→ About this exercise
Where the material below has a line containing "Costume includes 1", start repeating exactly, and keep going through the line containing "管理员在资产维修管理页面可查", with no other lines.

→ Data in this exercise
•••

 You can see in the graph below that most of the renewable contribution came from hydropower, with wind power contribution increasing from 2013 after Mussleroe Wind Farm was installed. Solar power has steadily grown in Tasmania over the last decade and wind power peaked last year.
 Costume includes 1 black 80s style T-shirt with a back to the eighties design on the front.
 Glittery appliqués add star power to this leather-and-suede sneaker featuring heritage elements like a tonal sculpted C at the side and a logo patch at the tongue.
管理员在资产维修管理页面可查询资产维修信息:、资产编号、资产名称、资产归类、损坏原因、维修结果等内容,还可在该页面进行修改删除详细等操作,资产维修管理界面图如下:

•••

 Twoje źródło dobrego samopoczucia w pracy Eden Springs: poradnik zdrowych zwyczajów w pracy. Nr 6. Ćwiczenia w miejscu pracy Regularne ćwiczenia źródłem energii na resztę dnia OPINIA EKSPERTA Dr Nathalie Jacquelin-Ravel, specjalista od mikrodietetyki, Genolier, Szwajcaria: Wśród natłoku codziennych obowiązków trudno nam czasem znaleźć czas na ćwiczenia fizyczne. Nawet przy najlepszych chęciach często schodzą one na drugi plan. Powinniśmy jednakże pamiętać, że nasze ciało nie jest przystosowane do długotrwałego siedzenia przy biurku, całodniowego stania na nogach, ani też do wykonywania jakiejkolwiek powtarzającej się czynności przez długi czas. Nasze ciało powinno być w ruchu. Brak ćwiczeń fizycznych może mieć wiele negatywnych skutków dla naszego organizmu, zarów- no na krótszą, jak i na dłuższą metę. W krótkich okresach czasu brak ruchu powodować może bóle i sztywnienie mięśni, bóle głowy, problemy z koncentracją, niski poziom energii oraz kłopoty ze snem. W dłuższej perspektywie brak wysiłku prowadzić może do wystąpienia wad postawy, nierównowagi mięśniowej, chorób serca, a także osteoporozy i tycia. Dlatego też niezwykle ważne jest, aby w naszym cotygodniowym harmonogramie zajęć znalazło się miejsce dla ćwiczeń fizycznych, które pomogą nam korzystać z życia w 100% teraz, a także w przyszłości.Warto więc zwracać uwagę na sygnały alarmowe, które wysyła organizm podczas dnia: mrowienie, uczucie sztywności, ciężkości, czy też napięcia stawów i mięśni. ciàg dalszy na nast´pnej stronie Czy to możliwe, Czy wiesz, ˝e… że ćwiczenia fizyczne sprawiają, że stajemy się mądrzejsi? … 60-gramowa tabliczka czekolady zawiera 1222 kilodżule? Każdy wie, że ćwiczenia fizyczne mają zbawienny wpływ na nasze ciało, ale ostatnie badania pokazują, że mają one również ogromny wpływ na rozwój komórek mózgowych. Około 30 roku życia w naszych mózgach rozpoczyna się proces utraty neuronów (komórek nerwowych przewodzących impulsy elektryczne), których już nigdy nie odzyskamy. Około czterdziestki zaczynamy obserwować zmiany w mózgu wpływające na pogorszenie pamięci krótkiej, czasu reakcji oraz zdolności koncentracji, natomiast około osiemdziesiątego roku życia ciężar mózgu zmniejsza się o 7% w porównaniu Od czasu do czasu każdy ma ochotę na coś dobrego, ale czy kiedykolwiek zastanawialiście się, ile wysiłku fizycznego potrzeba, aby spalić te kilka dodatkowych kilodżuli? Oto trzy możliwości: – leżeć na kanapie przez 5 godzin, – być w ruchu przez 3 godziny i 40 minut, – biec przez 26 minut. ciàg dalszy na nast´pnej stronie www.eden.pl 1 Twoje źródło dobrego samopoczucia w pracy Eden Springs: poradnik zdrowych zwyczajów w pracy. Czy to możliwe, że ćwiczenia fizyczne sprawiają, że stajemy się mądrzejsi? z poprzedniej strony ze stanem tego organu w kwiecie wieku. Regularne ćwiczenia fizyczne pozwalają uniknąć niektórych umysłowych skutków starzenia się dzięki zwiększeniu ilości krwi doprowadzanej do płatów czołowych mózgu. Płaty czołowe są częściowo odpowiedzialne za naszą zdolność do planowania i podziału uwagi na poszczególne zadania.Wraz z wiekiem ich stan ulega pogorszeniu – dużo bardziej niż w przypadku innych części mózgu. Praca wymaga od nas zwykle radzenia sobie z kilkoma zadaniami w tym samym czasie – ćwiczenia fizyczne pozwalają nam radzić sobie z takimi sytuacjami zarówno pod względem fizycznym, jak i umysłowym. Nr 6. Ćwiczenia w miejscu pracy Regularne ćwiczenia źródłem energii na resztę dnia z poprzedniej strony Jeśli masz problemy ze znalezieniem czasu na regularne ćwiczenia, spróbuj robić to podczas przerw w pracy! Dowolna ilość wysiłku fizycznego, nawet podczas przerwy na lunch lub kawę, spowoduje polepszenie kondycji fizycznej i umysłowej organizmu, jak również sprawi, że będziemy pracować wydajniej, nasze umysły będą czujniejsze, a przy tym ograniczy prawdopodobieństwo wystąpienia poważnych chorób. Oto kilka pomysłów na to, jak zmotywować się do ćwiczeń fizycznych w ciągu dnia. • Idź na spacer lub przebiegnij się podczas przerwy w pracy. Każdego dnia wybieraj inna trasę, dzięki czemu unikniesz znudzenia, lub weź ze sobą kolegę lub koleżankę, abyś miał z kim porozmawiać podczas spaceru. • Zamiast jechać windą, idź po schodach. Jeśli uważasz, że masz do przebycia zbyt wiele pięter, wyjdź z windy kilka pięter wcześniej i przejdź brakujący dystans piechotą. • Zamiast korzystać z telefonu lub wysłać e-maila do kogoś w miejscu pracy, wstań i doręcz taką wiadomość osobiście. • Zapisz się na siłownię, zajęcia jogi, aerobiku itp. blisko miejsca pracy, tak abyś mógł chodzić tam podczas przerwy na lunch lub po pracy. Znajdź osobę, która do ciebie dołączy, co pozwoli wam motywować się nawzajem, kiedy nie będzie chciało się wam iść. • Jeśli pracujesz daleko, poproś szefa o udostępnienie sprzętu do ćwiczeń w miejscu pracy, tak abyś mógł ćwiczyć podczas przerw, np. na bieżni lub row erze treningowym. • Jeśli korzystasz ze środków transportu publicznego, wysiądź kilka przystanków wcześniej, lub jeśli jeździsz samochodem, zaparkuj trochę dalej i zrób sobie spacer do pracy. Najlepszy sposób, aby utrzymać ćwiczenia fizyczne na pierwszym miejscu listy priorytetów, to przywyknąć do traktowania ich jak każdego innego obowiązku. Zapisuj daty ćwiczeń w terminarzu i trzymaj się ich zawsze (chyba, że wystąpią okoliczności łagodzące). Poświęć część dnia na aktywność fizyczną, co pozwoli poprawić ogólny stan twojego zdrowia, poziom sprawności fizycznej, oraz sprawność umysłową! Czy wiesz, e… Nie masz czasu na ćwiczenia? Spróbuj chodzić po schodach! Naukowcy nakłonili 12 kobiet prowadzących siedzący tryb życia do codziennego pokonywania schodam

•••

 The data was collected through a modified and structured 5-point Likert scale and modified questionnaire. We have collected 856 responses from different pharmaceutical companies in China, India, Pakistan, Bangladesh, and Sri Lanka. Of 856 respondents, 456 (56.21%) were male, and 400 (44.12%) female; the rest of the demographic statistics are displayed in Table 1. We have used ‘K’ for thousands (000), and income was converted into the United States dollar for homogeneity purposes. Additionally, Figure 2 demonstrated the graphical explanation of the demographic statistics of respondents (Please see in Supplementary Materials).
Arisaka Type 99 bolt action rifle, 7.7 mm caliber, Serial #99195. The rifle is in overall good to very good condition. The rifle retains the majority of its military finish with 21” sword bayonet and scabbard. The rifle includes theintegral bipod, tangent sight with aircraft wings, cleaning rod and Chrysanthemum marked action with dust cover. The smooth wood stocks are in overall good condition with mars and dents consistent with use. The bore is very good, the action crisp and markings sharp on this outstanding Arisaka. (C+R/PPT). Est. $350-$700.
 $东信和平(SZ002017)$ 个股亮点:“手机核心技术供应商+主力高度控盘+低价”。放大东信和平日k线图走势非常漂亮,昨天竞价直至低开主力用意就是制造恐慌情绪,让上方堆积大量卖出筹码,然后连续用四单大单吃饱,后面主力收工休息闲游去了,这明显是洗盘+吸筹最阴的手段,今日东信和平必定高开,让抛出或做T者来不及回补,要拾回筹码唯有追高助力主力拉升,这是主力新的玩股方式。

•••

→ Answer box
 Costume includes 1 black 80s style T-shirt with a back to the eighties design on the front.
 Glittery appliqués add star power to this leather-and-suede sneaker featuring heritage elements like a tonal sculpted C at the side and a logo patch at the tongue.
管理员在资产维修管理页面可查询资产维修信息:、资产编号、资产名称、资产归类、损坏原因、维修结果等内容,还可在该页面进行修改删除详细等操作,资产维修管理界面图如下:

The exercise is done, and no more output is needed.